Reality: RAPL captures only Package + DRAM + PP0/PP1, missing system interconnect, chipset, thermals.
How to catch it: Compare RAPL sum to facility PDU power—always lower.
Teaching tip: Show the measurement gap explicitly. Use baseline calibration to quantify unmeasured power.

Misconception 3: “Higher frequency = higher power”

The Problem: Students assume linear relationship: 2× frequency = 2× power.
Reality: Power ∝ V² × f. Voltage scaling is nonlinear, and frequency doesn’t scale linearly across all components.
How to catch it: Show empirical RAPL data at different CPU frequencies—relationship is superlinear but not 2×.
Teaching tip: Discuss DVFS (Dynamic Voltage and Frequency Scaling) and why both frequency AND voltage must be considered.

Misconception 4: “Baseline power is fixed”

The Problem: Students measure idle power once and assume it’s constant forever.
Reality: Baseline varies with temperature, voltage supply quality, firmware version, thermal management state.
How to catch it: Show baseline measurements from same system over time—they drift.
Teaching tip: Emphasize that baselines are empirically calibrated, system-specific, and should be validated periodically.

Misconception 5: “Grace Hopper GPU power can be read directly”

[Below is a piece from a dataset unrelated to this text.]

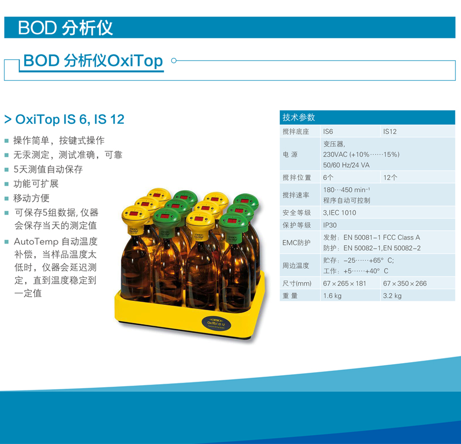 德國WTW OxiTop® IS 6/OxiTop® IS 12實驗室BOD分析儀簡介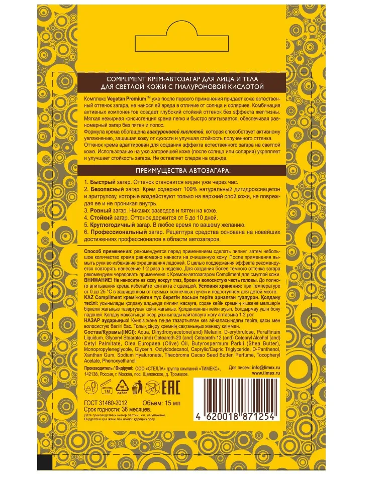 COMPLIMENT саше автозагар д/лица и тела д/светлой кожи 15мл

The Problem: Students expect a GPU power sensor, get confused when it doesn’t exist.
Reality: Module sensor exists, but GPU is computed as Module - Grace.
How to catch it: Ask “how do you measure GPU power on Grace Hopper?” If they don’t mention subtraction, redirect.
Teaching tip: Make this a puzzle. Have students derive it: given Module, Grace, what’s GPU?

Misconception 6: “AMD GPU and NVIDIA GPU power APIs are identical”

The Problem: Students write generic code expecting it to work on both.
Reality: Different function names (GetPowerUsage vs get_power_info), different units, different permission requirements (video/render groups for AMD).
How to catch it: Have them write pseudocode for both—forces confrontation with differences.
Teaching tip: Show side-by-side API comparison table. Emphasize vendor-specificity.

Misconception 7: “RAPL counter wraparound is rare”

The Problem: Students ignore wraparound handling, lose data on long-running measurements.
Reality: 32-bit counter wraps every ~1 hour at high power. Must handle in real code.
How to catch it: Ask during assessment: “What happens if you don’t check for wraparound?” Watch them realize the bug.
Teaching tip: Demonstrate wraparound with synthetic data before real problem. Show the fix: if E_delta < 0: E_delta += 2**32.

Misconception 8: “Out-of-band is always better”

The Problem: Students assume higher accuracy = better, don’t consider latency/overhead.
Reality: HDEEM is accurate but adds complexity. RAPL is faster but incomplete. No “best”—depends on use case.
How to catch it: Ask “which would you use for a real-time power cap?” or “for post-hoc analysis?”
Teaching tip: Present trade-off matrix. Some decisions require both in-band and out-of-band.

Misconception 9: “All x86 CPUs have RAPL”

The Problem: Students assume RAPL is universal; it’s not.
Reality: Only Intel Sandybridge+ and AMD Zen+. Older systems, ARM, custom processors don’t have it.
How to catch it: Have them check their own system: does /sys/devices/virtual/powercap/intel-rapl/ exist?
Teaching tip: Show compatibility chart early. Emphasize that monitoring landscape is heterogeneous, not standardized.